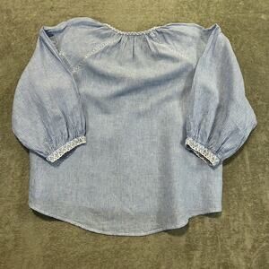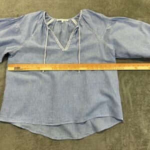Melissa Nepton Olivia Blue & White Striped Peasant Top XL Crochet Boho Linen
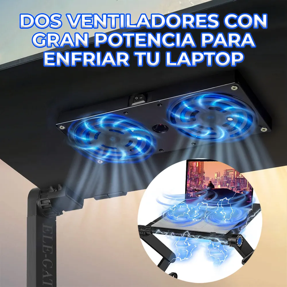 Ideal para cama, sofá o cualquier superficie, esta mesa te ofrece la comodidad y funcionalidad que necesitas. Su diseño reclinable te permite encontrar el ángulo perfecto para una postura ergonómica y una experiencia óptima. Olvídate del sobrecalentamiento con sus dos grandes ventiladores de refrigeración, que mantienen tu laptop fresca incluso durante largas sesiones de uso. Además, incluye un práctico soporte para mouse, para que tengas todo lo que necesitas al alcance de la mano.
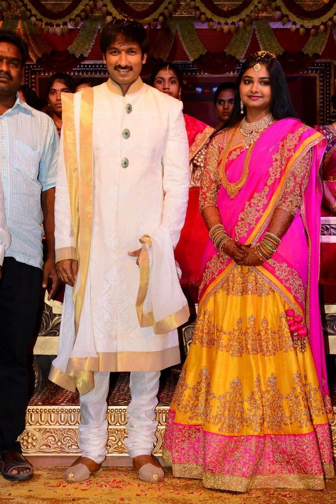 Actor Gopichand's wedding celebrations kicked off on Saturday and went on till Sunday evening at N Convention in Hyderabad. His close friends and those from the film fraternity have greeted Gopichand and his new bride Reshma. Actors Pawan Kalyan, Ravi Teja and a host of leader stars graced the celebrations.
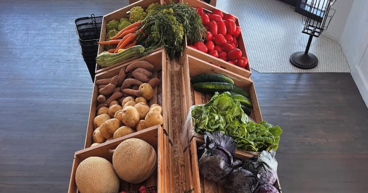 Hayley’s Grains, located on Main Street in Taylor, Texas, is a neighborhood grocery offering Texas-grown produce, local meats, and responsibly sourced pantry staples.
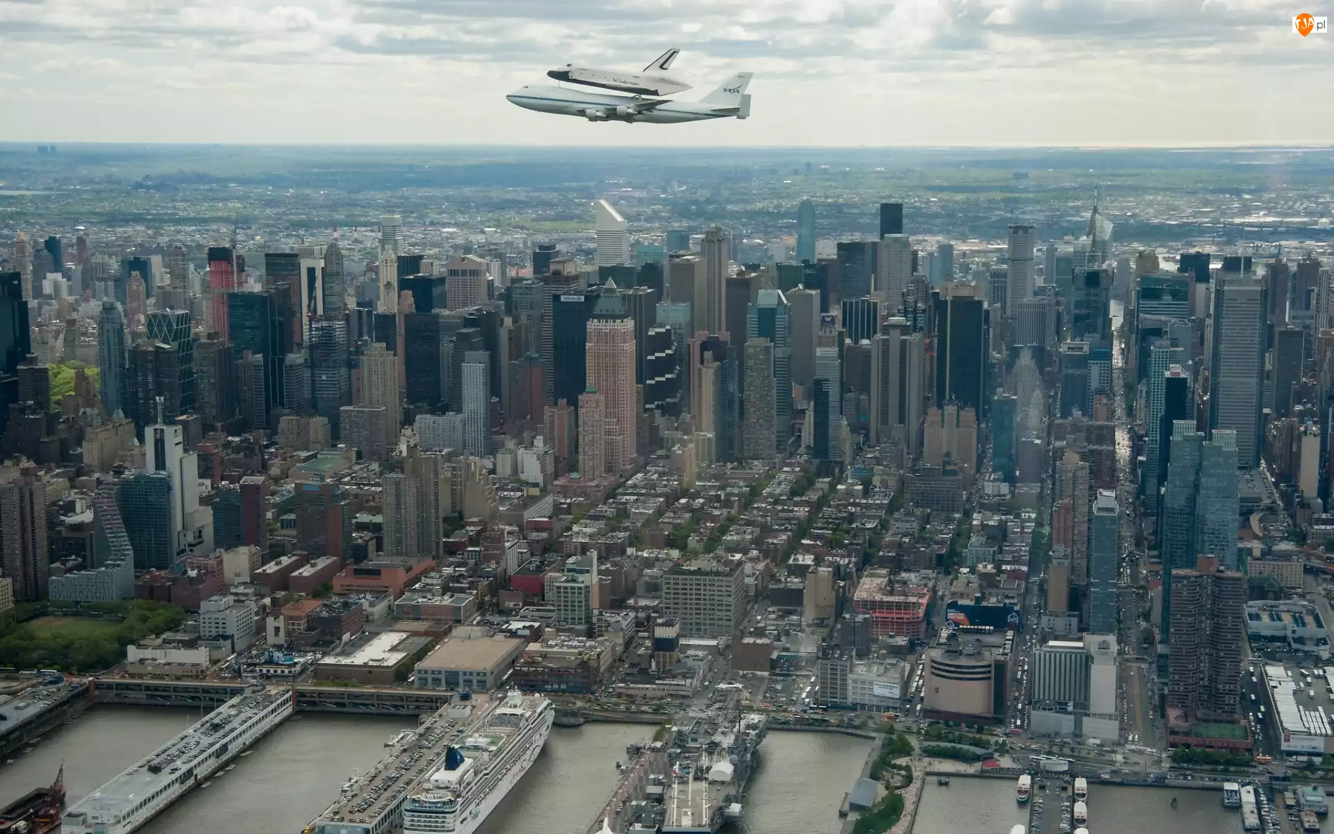 Drapacze, Samolot, Miasta, Panorama, Chmur
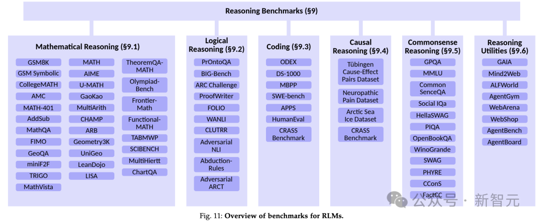 现在概述与RLM(推理语言模型)相关的基准测试。针对不同类型的推理,包括数学推理、逻辑推理、因果推理和常识推理,列出每个类别的代表性基准测试。
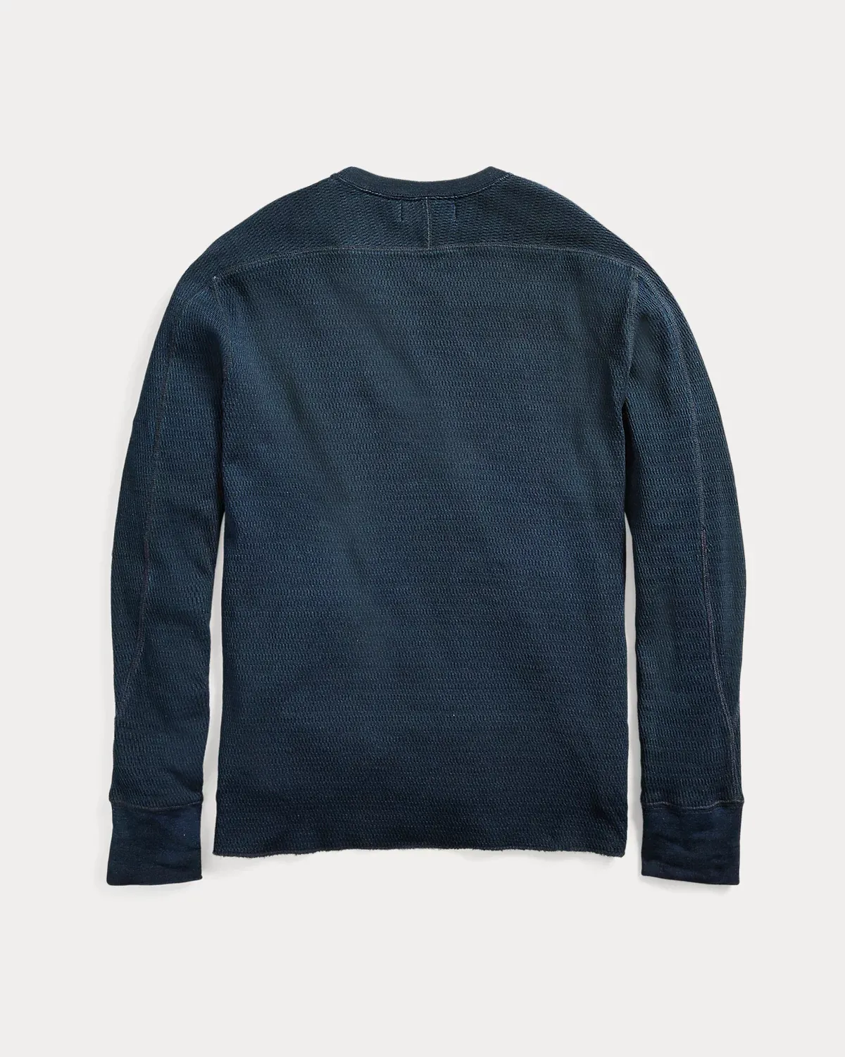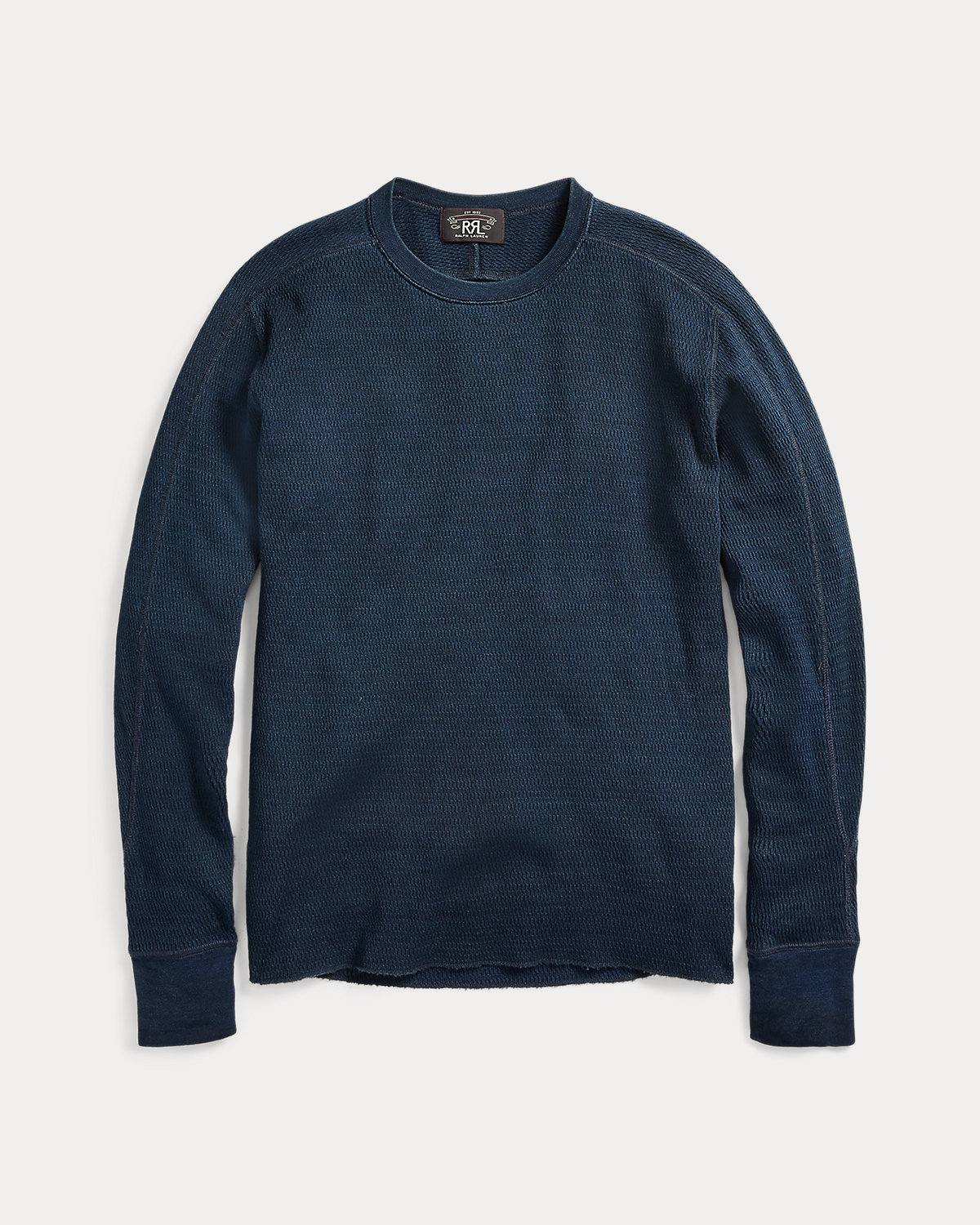 Lightweight crewneck made with double-knit cotton jacquard. Dyed with true indigo and rinsed for a timeworn, weathered appearance.

++++++

To do.
Using the entries above, reproduce word for word only the lines from the one that contains "Actor Gopichand's wedding" to the one that contains "现在概述与RLM(推理语言模", both ends included, and drop every picture.

Answer area.
 Actor Gopichand's wedding celebrations kicked off on Saturday and went on till Sunday evening at N Convention in Hyderabad. His close friends and those from the film fraternity have greeted Gopichand and his new bride Reshma. Actors Pawan Kalyan, Ravi Teja and a host of leader stars graced the celebrations.
 Hayley’s Grains, located on Main Street in Taylor, Texas, is a neighborhood grocery offering Texas-grown produce, local meats, and responsibly sourced pantry staples.
 Drapacze, Samolot, Miasta, Panorama, Chmur
 现在概述与RLM(推理语言模型)相关的基准测试。针对不同类型的推理,包括数学推理、逻辑推理、因果推理和常识推理,列出每个类别的代表性基准测试。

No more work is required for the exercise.